What you should do - Everything in the records below from the line containing "Design of Top: lingerie" through the line containing "1. 葵鶴 山田錦しずく" is to be reproduced exactly, those two lines included; no picture is to be copied.

Data for the task -
****

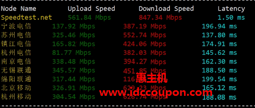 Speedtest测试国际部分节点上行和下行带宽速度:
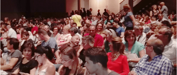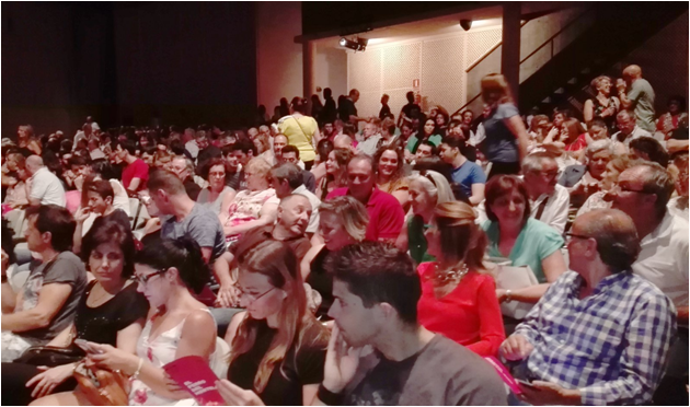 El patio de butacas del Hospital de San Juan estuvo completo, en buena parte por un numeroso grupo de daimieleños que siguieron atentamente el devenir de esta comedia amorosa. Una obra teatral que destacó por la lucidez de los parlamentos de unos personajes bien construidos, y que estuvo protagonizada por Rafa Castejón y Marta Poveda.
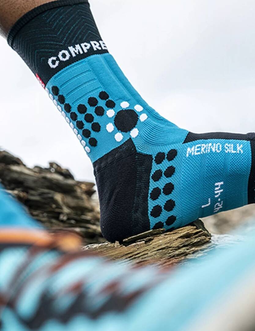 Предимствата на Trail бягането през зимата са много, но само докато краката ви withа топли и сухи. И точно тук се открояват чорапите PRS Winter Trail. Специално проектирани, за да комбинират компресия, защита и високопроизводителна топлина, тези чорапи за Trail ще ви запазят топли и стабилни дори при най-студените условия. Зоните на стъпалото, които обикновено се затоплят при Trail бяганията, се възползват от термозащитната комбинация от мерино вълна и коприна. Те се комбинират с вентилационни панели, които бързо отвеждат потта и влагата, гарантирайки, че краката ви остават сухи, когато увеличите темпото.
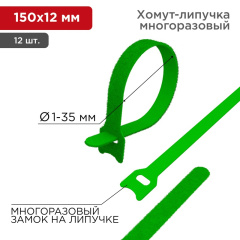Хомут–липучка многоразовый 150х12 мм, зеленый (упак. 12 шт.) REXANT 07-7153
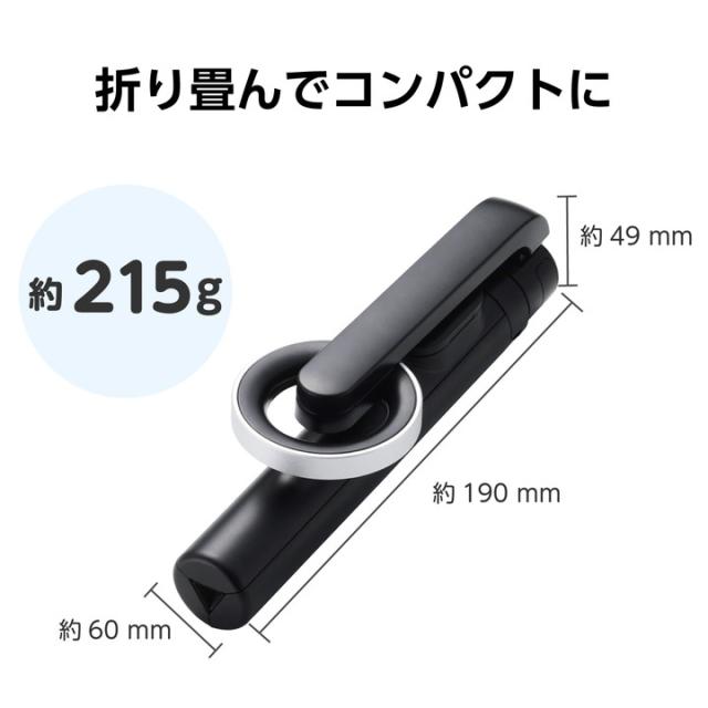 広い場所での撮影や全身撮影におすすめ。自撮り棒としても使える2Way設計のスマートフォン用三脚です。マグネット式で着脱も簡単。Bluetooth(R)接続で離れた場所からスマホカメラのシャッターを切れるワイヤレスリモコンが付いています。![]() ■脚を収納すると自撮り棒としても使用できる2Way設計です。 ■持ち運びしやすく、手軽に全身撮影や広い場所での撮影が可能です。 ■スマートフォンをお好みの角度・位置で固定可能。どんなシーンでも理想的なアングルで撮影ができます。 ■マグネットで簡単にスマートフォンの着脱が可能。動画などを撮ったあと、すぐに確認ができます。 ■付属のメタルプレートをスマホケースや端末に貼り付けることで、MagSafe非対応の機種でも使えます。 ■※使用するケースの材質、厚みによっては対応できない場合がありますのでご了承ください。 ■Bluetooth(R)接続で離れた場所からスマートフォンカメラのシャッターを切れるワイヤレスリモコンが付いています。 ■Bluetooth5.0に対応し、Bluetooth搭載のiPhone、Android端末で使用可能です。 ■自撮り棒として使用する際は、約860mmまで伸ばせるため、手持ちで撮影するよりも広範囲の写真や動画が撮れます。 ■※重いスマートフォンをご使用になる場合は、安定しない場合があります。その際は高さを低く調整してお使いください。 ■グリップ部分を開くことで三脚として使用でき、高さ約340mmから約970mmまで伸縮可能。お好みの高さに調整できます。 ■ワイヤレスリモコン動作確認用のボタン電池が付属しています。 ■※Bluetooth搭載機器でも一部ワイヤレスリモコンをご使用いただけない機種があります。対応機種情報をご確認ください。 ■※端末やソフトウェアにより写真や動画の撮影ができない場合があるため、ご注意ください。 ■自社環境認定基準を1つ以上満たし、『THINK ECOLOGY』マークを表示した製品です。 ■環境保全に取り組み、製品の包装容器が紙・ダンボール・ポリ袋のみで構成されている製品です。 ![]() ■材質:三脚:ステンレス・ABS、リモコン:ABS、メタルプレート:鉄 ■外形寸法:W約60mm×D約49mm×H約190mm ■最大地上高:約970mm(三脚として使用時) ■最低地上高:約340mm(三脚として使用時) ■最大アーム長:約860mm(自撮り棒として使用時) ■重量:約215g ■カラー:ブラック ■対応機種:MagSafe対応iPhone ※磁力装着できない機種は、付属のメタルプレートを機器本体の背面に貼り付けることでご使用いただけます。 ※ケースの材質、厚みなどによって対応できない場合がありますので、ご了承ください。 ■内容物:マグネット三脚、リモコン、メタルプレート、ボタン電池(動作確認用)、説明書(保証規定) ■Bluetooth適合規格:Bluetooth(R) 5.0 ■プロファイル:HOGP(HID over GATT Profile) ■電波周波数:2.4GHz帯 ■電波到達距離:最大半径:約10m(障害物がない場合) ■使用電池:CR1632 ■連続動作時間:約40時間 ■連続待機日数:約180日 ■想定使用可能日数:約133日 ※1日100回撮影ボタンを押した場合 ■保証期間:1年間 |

****

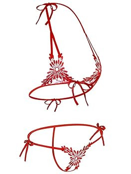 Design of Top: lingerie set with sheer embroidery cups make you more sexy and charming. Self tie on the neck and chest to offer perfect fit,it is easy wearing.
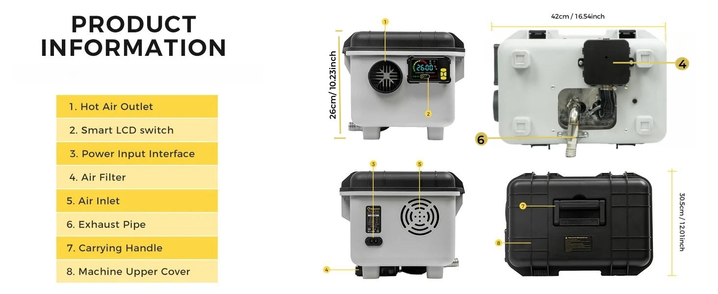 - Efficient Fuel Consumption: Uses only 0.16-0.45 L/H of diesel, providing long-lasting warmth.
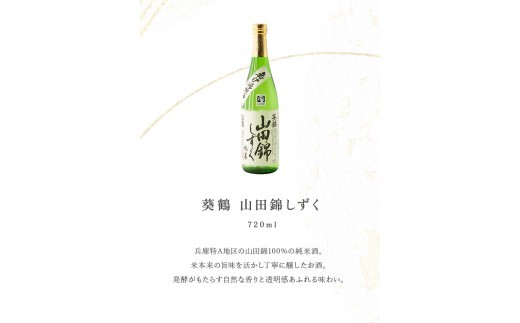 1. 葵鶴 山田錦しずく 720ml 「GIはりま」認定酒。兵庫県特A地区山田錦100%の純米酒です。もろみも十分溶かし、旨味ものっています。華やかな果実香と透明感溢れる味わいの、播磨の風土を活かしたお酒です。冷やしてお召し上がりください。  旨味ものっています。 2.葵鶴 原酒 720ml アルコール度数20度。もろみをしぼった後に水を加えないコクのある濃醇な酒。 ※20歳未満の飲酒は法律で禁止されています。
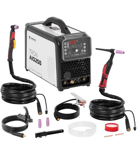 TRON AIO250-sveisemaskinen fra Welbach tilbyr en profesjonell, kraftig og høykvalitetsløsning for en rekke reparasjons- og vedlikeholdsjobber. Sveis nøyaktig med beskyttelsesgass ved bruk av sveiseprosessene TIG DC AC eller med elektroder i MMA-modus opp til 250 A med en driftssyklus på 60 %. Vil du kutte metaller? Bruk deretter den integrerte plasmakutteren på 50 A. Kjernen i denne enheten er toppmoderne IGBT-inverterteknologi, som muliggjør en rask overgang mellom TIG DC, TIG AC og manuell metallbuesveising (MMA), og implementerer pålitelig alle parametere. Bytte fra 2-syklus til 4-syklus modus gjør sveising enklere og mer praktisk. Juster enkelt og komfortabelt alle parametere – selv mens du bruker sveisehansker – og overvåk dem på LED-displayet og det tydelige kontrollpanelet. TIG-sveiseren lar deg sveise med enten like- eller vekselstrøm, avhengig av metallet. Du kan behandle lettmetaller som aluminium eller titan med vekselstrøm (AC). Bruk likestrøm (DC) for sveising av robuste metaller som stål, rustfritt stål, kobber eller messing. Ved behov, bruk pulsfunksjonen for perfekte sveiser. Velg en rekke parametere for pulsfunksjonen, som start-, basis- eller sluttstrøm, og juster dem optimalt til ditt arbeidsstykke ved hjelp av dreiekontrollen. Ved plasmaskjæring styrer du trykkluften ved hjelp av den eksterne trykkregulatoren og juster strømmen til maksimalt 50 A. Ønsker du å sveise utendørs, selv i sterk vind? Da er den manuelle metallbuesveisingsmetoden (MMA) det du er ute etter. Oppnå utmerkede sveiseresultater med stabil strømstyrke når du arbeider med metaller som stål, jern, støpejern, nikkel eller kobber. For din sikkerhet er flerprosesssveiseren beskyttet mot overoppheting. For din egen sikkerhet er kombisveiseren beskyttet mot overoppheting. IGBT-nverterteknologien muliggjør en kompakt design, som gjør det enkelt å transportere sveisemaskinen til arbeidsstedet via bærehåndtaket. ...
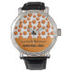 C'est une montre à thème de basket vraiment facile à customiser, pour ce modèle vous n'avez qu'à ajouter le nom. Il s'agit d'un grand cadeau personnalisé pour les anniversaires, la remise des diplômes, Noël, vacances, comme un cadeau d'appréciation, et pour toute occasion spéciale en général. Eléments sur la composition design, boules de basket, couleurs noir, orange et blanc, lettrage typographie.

****

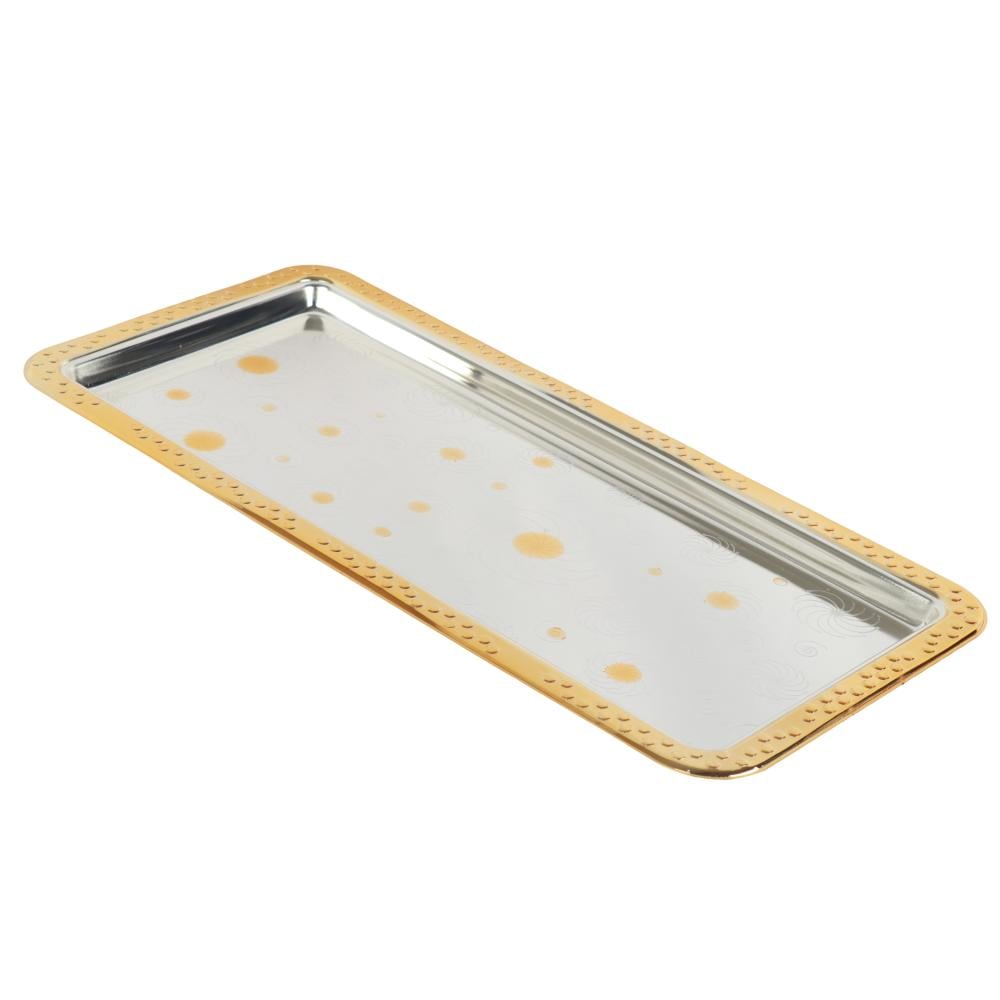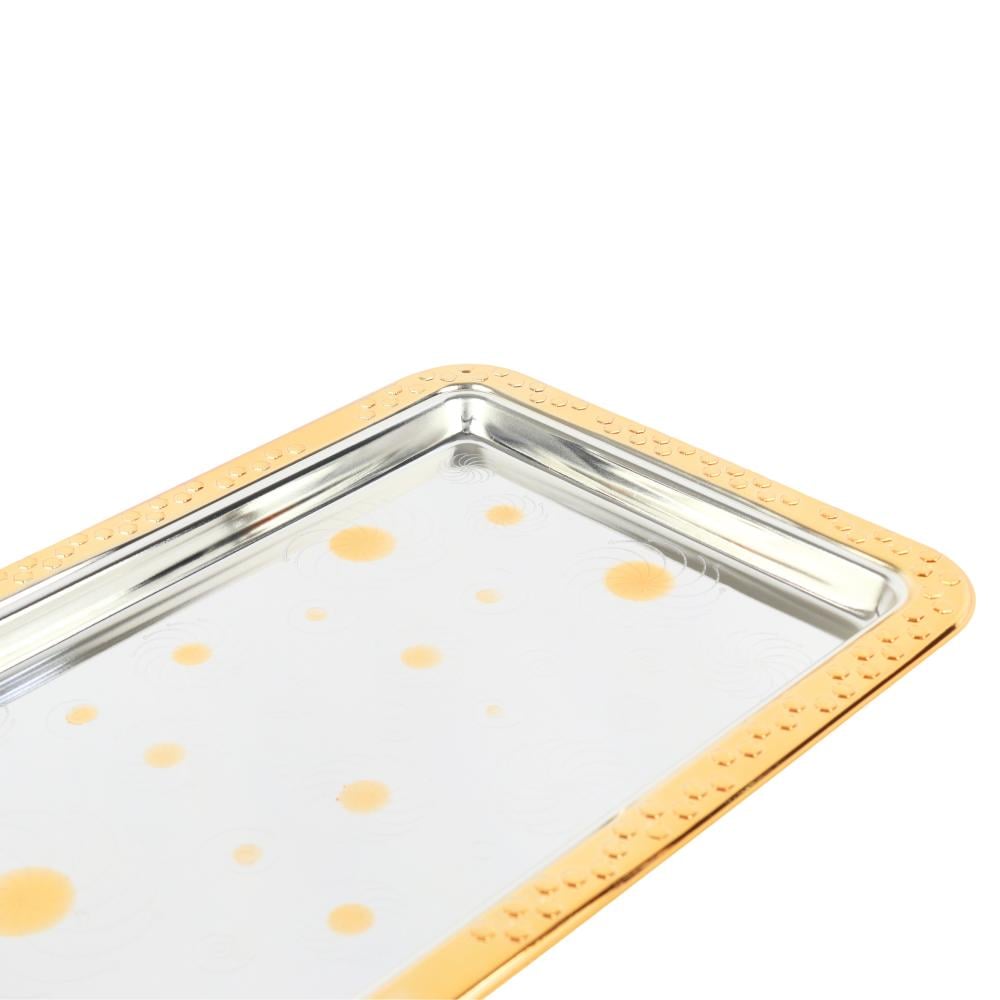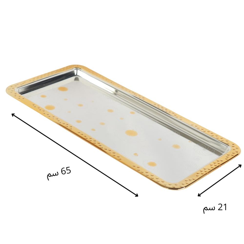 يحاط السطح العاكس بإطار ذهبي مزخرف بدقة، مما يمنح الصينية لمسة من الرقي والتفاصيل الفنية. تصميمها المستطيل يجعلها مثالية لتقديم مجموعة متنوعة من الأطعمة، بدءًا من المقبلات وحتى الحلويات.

****

Solution below -
 Design of Top: lingerie set with sheer embroidery cups make you more sexy and charming. Self tie on the neck and chest to offer perfect fit,it is easy wearing.
 - Efficient Fuel Consumption: Uses only 0.16-0.45 L/H of diesel, providing long-lasting warmth.
 1. 葵鶴 山田錦しずく 720ml 「GIはりま」認定酒。兵庫県特A地区山田錦100%の純米酒です。もろみも十分溶かし、旨味ものっています。華やかな果実香と透明感溢れる味わいの、播磨の風土を活かしたお酒です。冷やしてお召し上がりください。  旨味ものっています。 2.葵鶴 原酒 720ml アルコール度数20度。もろみをしぼった後に水を加えないコクのある濃醇な酒。 ※20歳未満の飲酒は法律で禁止されています。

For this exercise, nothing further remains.